> Exercise prompt:
Look through the material below and copy exactly the lines from the line with "Vintage Black &" to the line with "導熱均勻 × 微波優化結構:底部採凹槽烤紋設計,連烤魚、鮭魚奶油煎都能美味完成", those two lines included.

> Supplied data:
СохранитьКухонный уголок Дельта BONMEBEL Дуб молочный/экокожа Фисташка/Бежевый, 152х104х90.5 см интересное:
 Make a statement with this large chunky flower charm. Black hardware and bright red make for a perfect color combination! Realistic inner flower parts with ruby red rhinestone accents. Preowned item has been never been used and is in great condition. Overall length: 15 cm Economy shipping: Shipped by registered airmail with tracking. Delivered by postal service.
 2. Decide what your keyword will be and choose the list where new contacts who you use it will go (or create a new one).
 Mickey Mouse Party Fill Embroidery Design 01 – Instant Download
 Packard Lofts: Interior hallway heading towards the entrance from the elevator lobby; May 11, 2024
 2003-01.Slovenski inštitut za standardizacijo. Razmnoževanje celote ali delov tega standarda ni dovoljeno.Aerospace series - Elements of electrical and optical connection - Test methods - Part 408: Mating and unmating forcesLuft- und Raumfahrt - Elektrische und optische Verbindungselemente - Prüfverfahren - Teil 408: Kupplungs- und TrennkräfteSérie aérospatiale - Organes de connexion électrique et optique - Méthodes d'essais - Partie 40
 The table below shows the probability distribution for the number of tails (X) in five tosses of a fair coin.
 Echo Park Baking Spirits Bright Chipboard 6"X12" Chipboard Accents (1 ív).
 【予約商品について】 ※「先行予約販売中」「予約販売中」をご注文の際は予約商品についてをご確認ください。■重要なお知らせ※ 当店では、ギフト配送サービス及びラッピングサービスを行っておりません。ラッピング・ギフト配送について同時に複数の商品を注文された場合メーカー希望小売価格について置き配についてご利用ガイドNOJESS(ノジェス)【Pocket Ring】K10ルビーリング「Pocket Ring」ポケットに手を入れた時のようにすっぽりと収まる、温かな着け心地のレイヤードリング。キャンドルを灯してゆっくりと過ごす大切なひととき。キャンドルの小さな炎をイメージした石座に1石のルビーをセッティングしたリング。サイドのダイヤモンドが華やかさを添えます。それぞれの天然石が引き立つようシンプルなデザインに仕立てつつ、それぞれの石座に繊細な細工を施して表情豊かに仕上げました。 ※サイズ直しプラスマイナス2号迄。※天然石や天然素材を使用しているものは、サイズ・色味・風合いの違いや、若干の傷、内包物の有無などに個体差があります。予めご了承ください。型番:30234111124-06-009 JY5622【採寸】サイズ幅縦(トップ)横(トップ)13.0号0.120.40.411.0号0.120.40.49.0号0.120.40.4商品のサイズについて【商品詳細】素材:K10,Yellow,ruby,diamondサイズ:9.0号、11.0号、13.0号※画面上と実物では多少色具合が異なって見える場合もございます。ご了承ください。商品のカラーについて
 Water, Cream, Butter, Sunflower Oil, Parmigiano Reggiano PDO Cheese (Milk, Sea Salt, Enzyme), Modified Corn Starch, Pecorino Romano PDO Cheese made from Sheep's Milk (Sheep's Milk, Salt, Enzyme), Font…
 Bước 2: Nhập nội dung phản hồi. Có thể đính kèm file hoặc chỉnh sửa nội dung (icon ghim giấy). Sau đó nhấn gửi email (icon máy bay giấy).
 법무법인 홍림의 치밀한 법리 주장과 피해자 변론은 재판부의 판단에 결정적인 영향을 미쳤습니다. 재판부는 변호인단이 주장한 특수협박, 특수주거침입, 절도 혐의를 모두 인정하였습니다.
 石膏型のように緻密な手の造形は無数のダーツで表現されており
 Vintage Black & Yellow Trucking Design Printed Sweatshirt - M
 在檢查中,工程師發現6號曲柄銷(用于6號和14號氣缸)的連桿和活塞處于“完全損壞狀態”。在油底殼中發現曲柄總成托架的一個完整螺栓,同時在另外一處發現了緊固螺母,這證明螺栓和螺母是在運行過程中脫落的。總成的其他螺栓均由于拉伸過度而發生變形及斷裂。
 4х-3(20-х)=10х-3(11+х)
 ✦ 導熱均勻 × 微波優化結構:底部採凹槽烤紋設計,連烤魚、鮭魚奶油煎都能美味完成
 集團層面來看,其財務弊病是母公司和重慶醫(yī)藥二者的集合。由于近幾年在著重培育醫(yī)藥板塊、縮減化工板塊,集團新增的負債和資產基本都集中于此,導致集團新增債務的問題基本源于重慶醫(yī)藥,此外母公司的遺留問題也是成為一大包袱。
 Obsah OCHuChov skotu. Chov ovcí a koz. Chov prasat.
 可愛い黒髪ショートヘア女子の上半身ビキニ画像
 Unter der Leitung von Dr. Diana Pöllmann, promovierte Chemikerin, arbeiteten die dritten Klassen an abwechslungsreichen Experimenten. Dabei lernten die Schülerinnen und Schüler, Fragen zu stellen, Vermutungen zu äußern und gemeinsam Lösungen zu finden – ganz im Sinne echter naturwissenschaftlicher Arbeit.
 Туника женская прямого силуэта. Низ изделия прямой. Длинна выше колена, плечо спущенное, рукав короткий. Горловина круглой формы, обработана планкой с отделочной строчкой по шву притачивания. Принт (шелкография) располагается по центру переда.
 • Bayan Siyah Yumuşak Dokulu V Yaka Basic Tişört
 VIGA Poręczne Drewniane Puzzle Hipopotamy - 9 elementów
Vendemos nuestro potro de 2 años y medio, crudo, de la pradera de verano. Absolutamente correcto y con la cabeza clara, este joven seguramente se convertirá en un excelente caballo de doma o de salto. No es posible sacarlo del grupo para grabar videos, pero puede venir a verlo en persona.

> Result:
 Vintage Black & Yellow Trucking Design Printed Sweatshirt - M
 在檢查中,工程師發現6號曲柄銷(用于6號和14號氣缸)的連桿和活塞處于“完全損壞狀態”。在油底殼中發現曲柄總成托架的一個完整螺栓,同時在另外一處發現了緊固螺母,這證明螺栓和螺母是在運行過程中脫落的。總成的其他螺栓均由于拉伸過度而發生變形及斷裂。
 4х-3(20-х)=10х-3(11+х)
 ✦ 導熱均勻 × 微波優化結構:底部採凹槽烤紋設計,連烤魚、鮭魚奶油煎都能美味完成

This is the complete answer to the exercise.